Les «fiches thématiques» préparées par le personnel des 60, ou plus, entités de l’ONU pour le GTO sont un exemple intéressant. Elles ont été sollicitées dans des disciplines distinctes, les entités des Nations Unies les plus proches du sujet étant choisies comme auteurs principaux. Ces fiches ont tendance à mettre en évidence la valeur et l’importance du secteur (et de l’institution) de chaque auteur, perdant ainsi de vue la situation dans son ensemble.

Le CIFOR a été invité à contribuer, en tant qu’institution hors de l’ONU, à la fiche sur les forêts. Néanmoins, nous nous sommes retirés car nous ne sommes pas d’accord pour considérer «un ODD spécifique sur les forêts» comme solution. Notre argument est qu’un tel ODD étroit ne serait ni viable, ni souhaitable. La foresterie doit contribuer à de nombreux défis de l’avenir, mais plaider pour un ODD séparé va à l’encontre de l’esprit de l’agenda post-2015.

L’opportunité des paysages

Mais il existe aussi des opportunités au sein du processus des ODD. Avec le soutien que nous avons reçu lors du travail sur le Forum mondial sur les paysages, je me sens à l’aise pour plaider en faveur d’un ODD sur les paysages, tout en restant dans l’esprit des changements transformationnels proposés.

De nombreux enjeux de développement durable, et donc beaucoup de solutions potentielles, sont liés aux paysages, ainsi qu’aux opportunités et défis des milliards de personnes qui les gèrent.
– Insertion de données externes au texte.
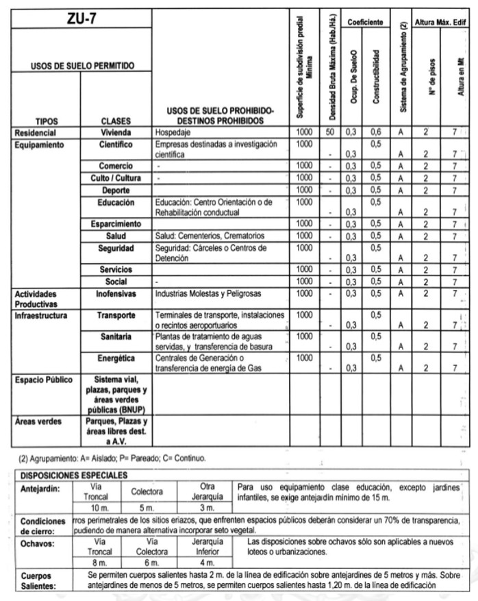 . Artículo 16 ZU - 7: Zona Urbana Residencial 7

Aborder les paysages à un niveau conceptuel plus élevé peut être plus utile que d’essayer de s’entendre sur des définitions et discuter de qui est en charge d’un paysage particulier. Au lieu de cela, nous pouvons adopter un cadre pour les paysages comme point de départ pour établir des priorités parmi les parties prenantes et les secteurs à différentes échelles. En d’autres termes, un cadre pour les paysages ne met pas en défi les secteurs et institutions existants, au contraire, il aide à définir la meilleure façon de contribuer à un avenir commun partagé.

Un cadre pour les paysages peut par conséquent également être un point de départ de l’action sur le terrain et, s’il est ancré dans les ODD, fournir un lien crucial entre les objectifs mondiaux et les utilisations locales des terres.

Certains peuvent penser que cela semble est très vague et ne sera jamais opérationnel pour les investissements, la politique des entreprises, les cadres juridiques ou le développement économique. Mais je vous mets au défi de sortir des sentiers battus et j’ai hâte de participer à ce voyage qui nous attend. Premier arrêt: Varsovie.